Document 7. William Dillwyn, Quaker and abolitionist, The Case of our Fellow Creatures, the Oppressed Africans, 1784

This traffic is the principal source of the destructive wars which prevail among these unhappy people, and is attended with consequences, the mere recital of which is shocking to humanity. The violent reparation of the dearest relatives, the tears of married and parental affection, the reluctance of the slaves to a voyage from which they can have no chance of returning, must present scenes of distress which would pierce the heart of any, in whom the principles of humanity are not wholly effaced. This, however, is but the beginning of sorrows with the poor captives.

3 Document 8. Slave Population and Sugar Production in Selected Colonies, 1703 to 1817

Year Slave Population Tons of Sugar Produced Jamaica (British) 1703 45,000 4,782 1730 74,500 15,972 1754 130,000 23,396 1789 250,000 59,400 Saint-Domingue (French) 1764 206,000 60,000 1777 240,000 76,000 1791 480,000 78,696 Cuba (Spanish) 1774 44,300 10,000 1792 85,900 18,571 1817 199,100 43,415

Document 9. Olaudah Equiano, freed slave and prominent abolitionist, The Interesting Narrative of the Life of Olaudah Equiano, 1789

Another negro man was half hanged, and then burnt, for attempting to poison a cruel overseer. Thus, by repeated cruelties, are the wretched first urged to despair, and then murdered, because they still retain so much of human nature about them as to wish to put an end to their misery, and retaliate on their tyrants. These overseers are indeed for the most part persons of the worst character of any denomination of men in the West Indies.
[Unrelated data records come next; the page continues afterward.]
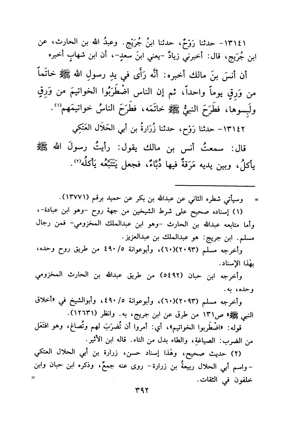 ١٣١٤١ - حَدَّثَنَا رَوْحٌ، حَدَّثَنَا ابْنُ جُرَيْجٍ، وَعَبْدُ اللهِ بْنُ الْحَارِثِ، عَنِ ابْنِ جُرَيْجٍ، قَالَ: أَخْبَرَنِي زِيَادٌ يَعْنِي ابْنَ سَعْدٍ، أَنَّ ابْنَ شِهَابٍ أَخْبَرَهُ، أَنَّ أَنَسَ بْنَ مَالِكٍ أخْبَرَهُ، " أَنَّهُ رَأَى فِي يَدِ رَسُولِ اللهِ صَلَّى اللهُ عَلَيْهِ وَسَلَّمَ خَاتَمًا مِنْ وَرِقٍ يَوْمًا وَاحِدًا، ثُمَّ إِنَّ النَّاسَ اضْطَرَبُوا الْخَوَاتِيمَ مِنْ وَرِقٍ وَلَبِسُوهَا، فَطَرَحَ النَّبِيُّ صَلَّى اللهُ عَلَيْهِ وَسَلَّمَ خَاتَمَهُ، فَطَرَحَ النَّاسُ خَوَاتِيمَهُمْ " (١)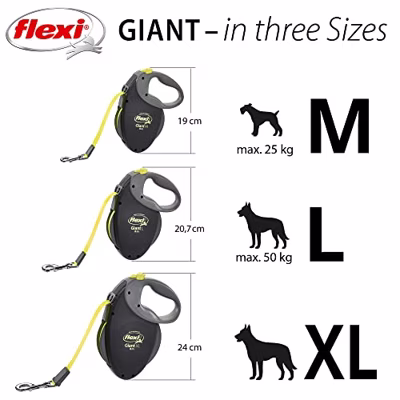 43,04De Flexi Giant L is een hondenriem voor grote en sterke honden. Deze band rollijn is namelijk geschikt voor honden met een gewicht van maximaal 50 kg. De lijn is 8 meter lang en is reflecterend, zodat de lijn in het donker goed zichtbaar is. Er is sprake van een gecontroleerde vrijheid, doordat je zelf kan bepalen hoeveel meter je jouw hond geeft. Door middel van de karabijnhaak kun je de riem bevestigen aan de halsband of het harnas van jouw hond. - Gecontroleerde bewegingsvrijheid Lengte lijn: 8 meter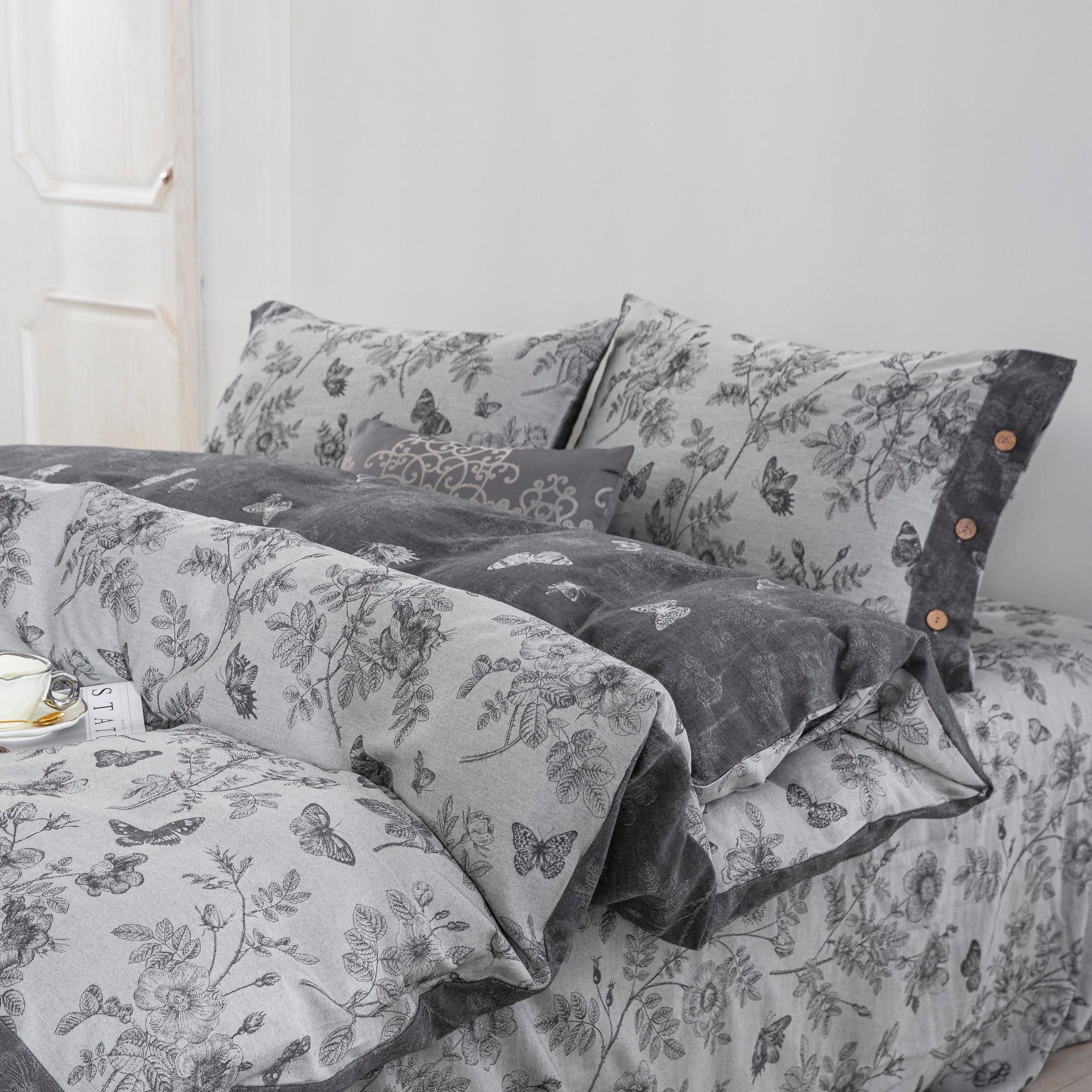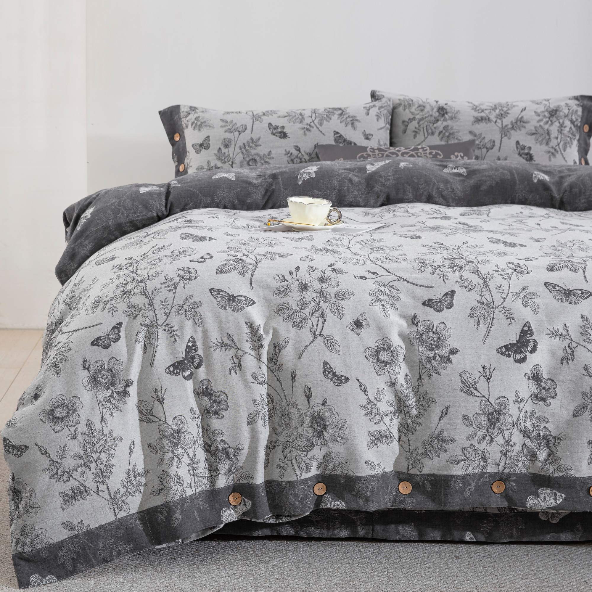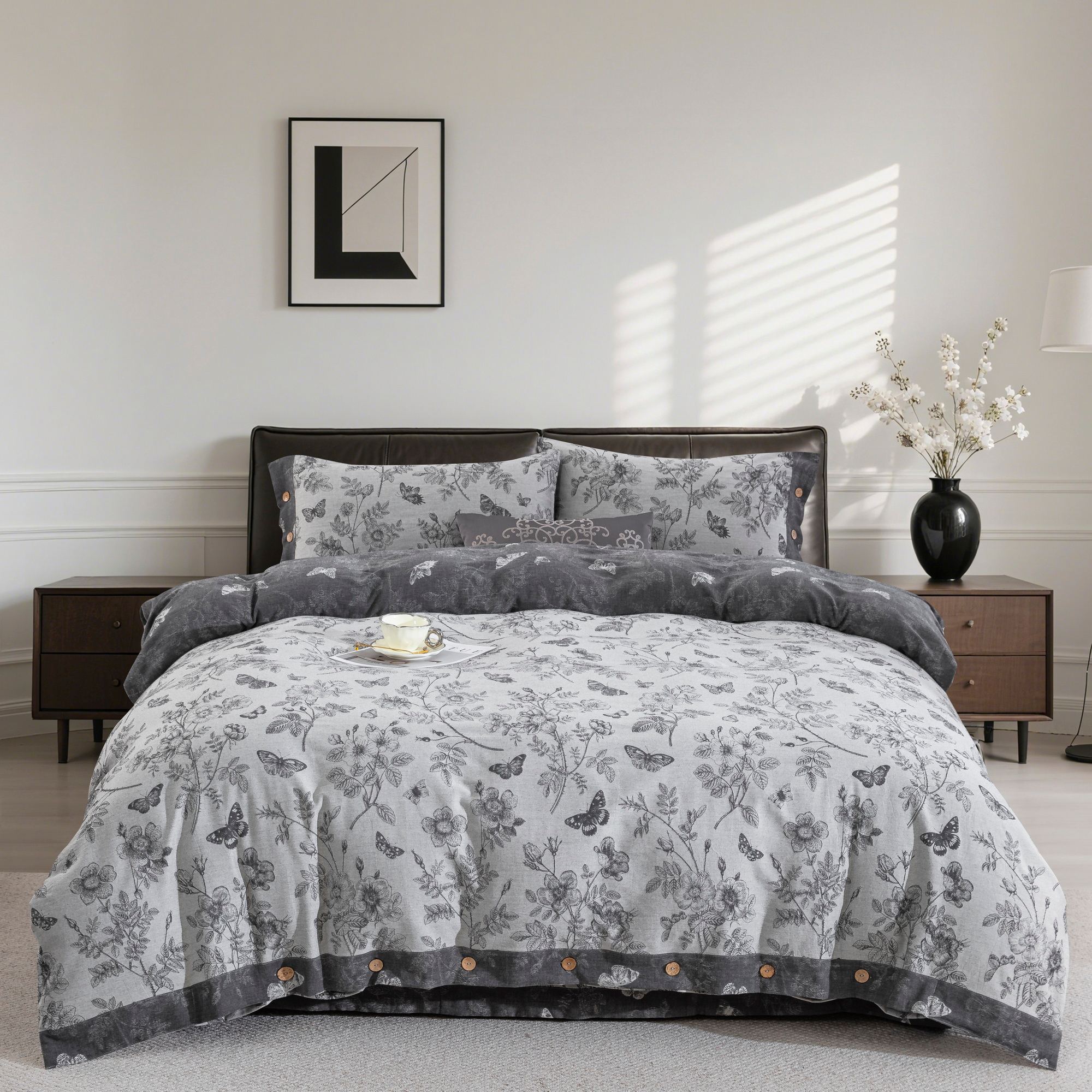 (总)双层纱家居 2025新款全棉纯棉色织提花纽扣款四件套-羽花蝶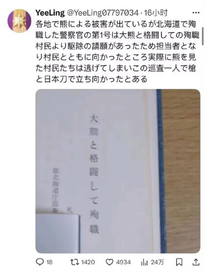 日本北海道一警察为了保护民众逃跑,掏出手枪和日本刀与熊搏斗,试图扮演太刀侠结果直接猫车等等搞笑场面。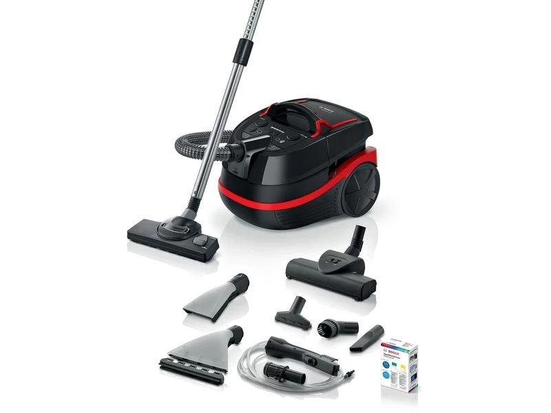 Takarítógép - 2100 W - HEPA H13 szűrő - szőnyegtisztító fej, kárpittisztító fej, átkapcsolható görgős szívófej, résszívó, bútorkefe, kárpitszívó, turbókefe, tisztítószerszett - 12 m hatósugár - piros/fekete

Unfortunately, many humane gentlemen, but not residing on their estates, are obliged to leave the management of them in the hands of these human butchers, who cut and mangle the slaves in a shocking manner on the most trifling occasions, and altogether treat them in every respect like brutes.

Document 10. A conversation between Osei Bonsu, Asante king, and British diplomat Joseph Dupuis, 1820.

Taking up one of my observations, he remarked, “The white men who go to council with your master, and pray to the great God for him, do not understand my country, or they would not say the slave trade was bad. But if they think it is bad now, why did they think it good before? Is not your law an old law, the same as the Muslim law? Do you not serve the same God, only you have different fashions and customs?

“If the great king would like to restore this trade, it would be good for the white men and for me too, because Asante is a country for war, and the people are strong… In the white country, if you go there, I will give you plenty of gold, and I will make you richer than all white men. I cannot make war to catch slaves in the bush, like a thief. My ancestors never did so. But if I find a king, and kill him when he is insolent, then certainly I must have his gold, and his slaves, and the people are mine too… I killed Dinkera, and took his gold, and brought more than 20,000 slaves to Coomassy… Unless I kill them or sell them, they will grow strong and kill my people. Now you must tell (your king) that these slaves can work for him, and if he wants 10,000 he can have them. And if he wants fine handsome girls and women to give his captains, I can send him great numbers.”